* **EXERCISE BRIEF**: The pictures stay out; all of the data is to be printed exactly.

Start of STORED DATA

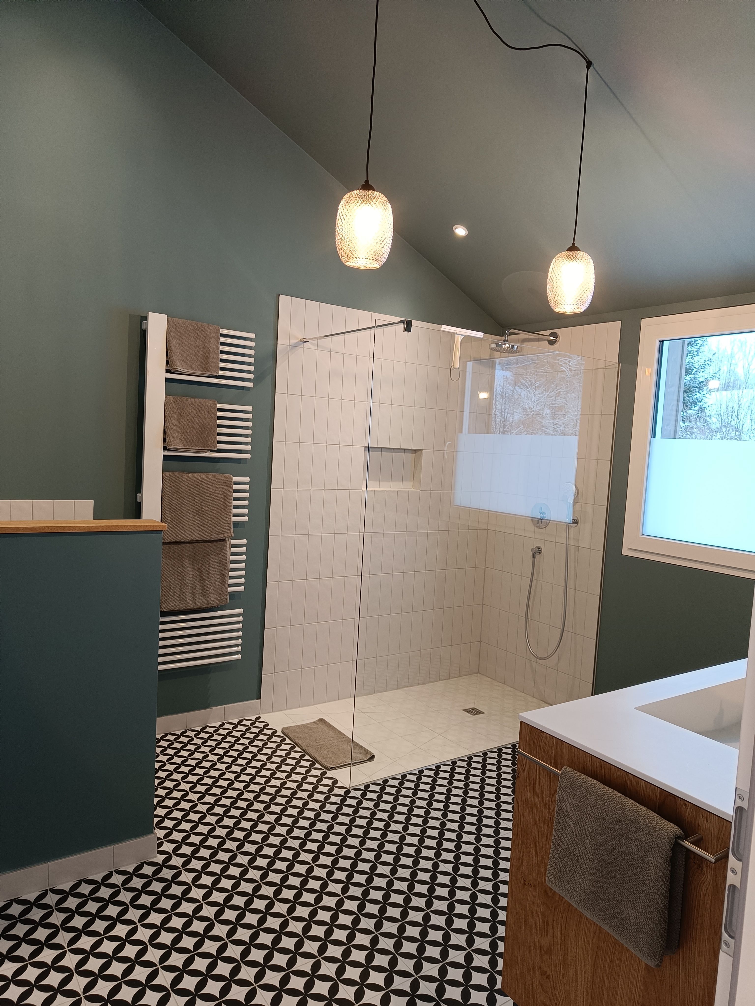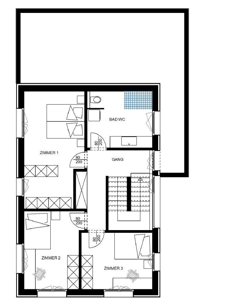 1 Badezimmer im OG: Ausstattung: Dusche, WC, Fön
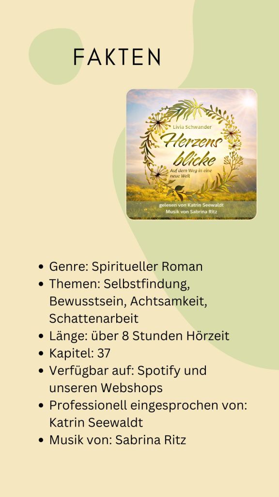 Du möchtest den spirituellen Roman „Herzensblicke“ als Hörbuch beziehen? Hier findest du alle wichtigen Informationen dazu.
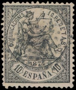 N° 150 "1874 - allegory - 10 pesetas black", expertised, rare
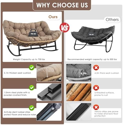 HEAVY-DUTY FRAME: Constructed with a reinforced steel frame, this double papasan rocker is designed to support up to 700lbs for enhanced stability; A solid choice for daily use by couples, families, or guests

End of STORED DATA

* **WRITTEN RESPONSE**:
 1 Badezimmer im OG: Ausstattung: Dusche, WC, Fön
 Du möchtest den spirituellen Roman „Herzensblicke“ als Hörbuch beziehen? Hier findest du alle wichtigen Informationen dazu.
 N° 150 "1874 - allegory - 10 pesetas black", expertised, rare
 HEAVY-DUTY FRAME: Constructed with a reinforced steel frame, this double papasan rocker is designed to support up to 700lbs for enhanced stability; A solid choice for daily use by couples, families, or guests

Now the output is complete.